#### TASK REQUIREMENTS:
Although the entries contain pictures, copy only their text, exactly as written.

#### EXERCISE MATERIAL:
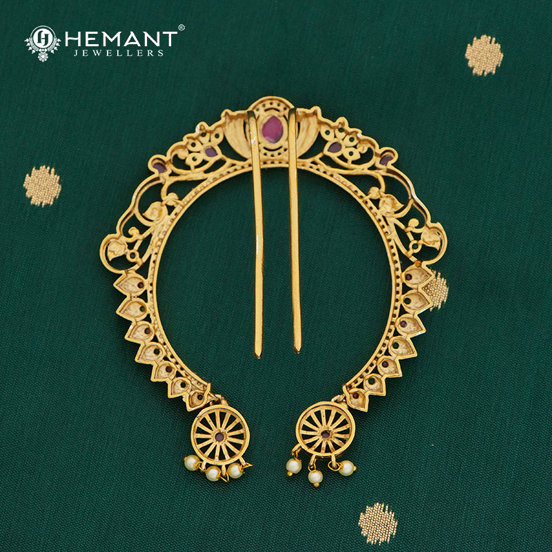 The curved frame is embellished with dazzling AD stones and traditional scale-leaf patterns, creating a perfect arch that sits beautifully over a bun. The standout element is the chakra-inspired jhumkis at the ends, finished with pearl dangles that sway gracefully with every movement.
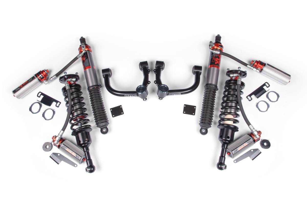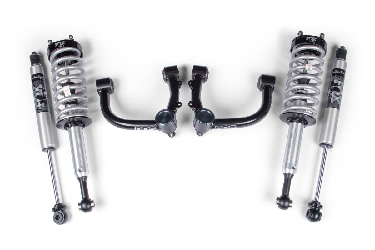 The BDS 2-inch Coilover Shock Leveling Kit combines premium FOX coilover technology with heavy-duty BDS tubular upper control arms to improve suspension geometry, increase wheel travel, and deliver long-term durability for the 2024–2025 Toyota Tacoma. This system is available with multiple FOX shock options — FOX 2.0 Performance Series, FOX 2.5 Performance Series HTO, FOX 2.5 Performance Elite, and FOX 3.0 Factory Race Series IBP — allowing you to select the level of on- and off-road performance that best matches your driving needs. The coilover and upper control arm combination levels the truck, improves front-end clearance, and fits 33-inch tires, all backed by the BDS No Fine Print Warranty.
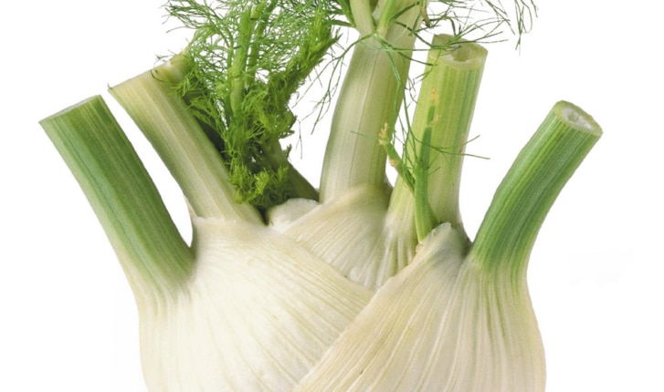 Un bulbe de fenouil sur fond blanc.
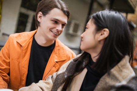 Smiling man looking at blurred asian girlfriend in blanket in outdoor cafe
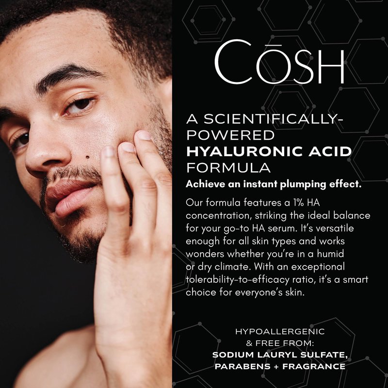 - HYALURONIC ACID FORMULA: Unlike Hyaluronic Acid, CŌSH Youth Serum is enriched with additional that provide enhanced benefits. This "loaded" formula offers superior hydration and rejuvenation, making a marked difference in your skin's appearance. It’s and for.
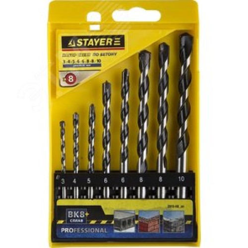 Сверло по бетону ProHammer 8 шт: d 3-4-5-6-6-8-8-10 мм

#### RESULT OF THE EXERCISE:
 The curved frame is embellished with dazzling AD stones and traditional scale-leaf patterns, creating a perfect arch that sits beautifully over a bun. The standout element is the chakra-inspired jhumkis at the ends, finished with pearl dangles that sway gracefully with every movement.
 The BDS 2-inch Coilover Shock Leveling Kit combines premium FOX coilover technology with heavy-duty BDS tubular upper control arms to improve suspension geometry, increase wheel travel, and deliver long-term durability for the 2024–2025 Toyota Tacoma. This system is available with multiple FOX shock options — FOX 2.0 Performance Series, FOX 2.5 Performance Series HTO, FOX 2.5 Performance Elite, and FOX 3.0 Factory Race Series IBP — allowing you to select the level of on- and off-road performance that best matches your driving needs. The coilover and upper control arm combination levels the truck, improves front-end clearance, and fits 33-inch tires, all backed by the BDS No Fine Print Warranty.
 Un bulbe de fenouil sur fond blanc.
 Smiling man looking at blurred asian girlfriend in blanket in outdoor cafe
 - HYALURONIC ACID FORMULA: Unlike Hyaluronic Acid, CŌSH Youth Serum is enriched with additional that provide enhanced benefits. This "loaded" formula offers superior hydration and rejuvenation, making a marked difference in your skin's appearance. It’s and for.
 Сверло по бетону ProHammer 8 шт: d 3-4-5-6-6-8-8-10 мм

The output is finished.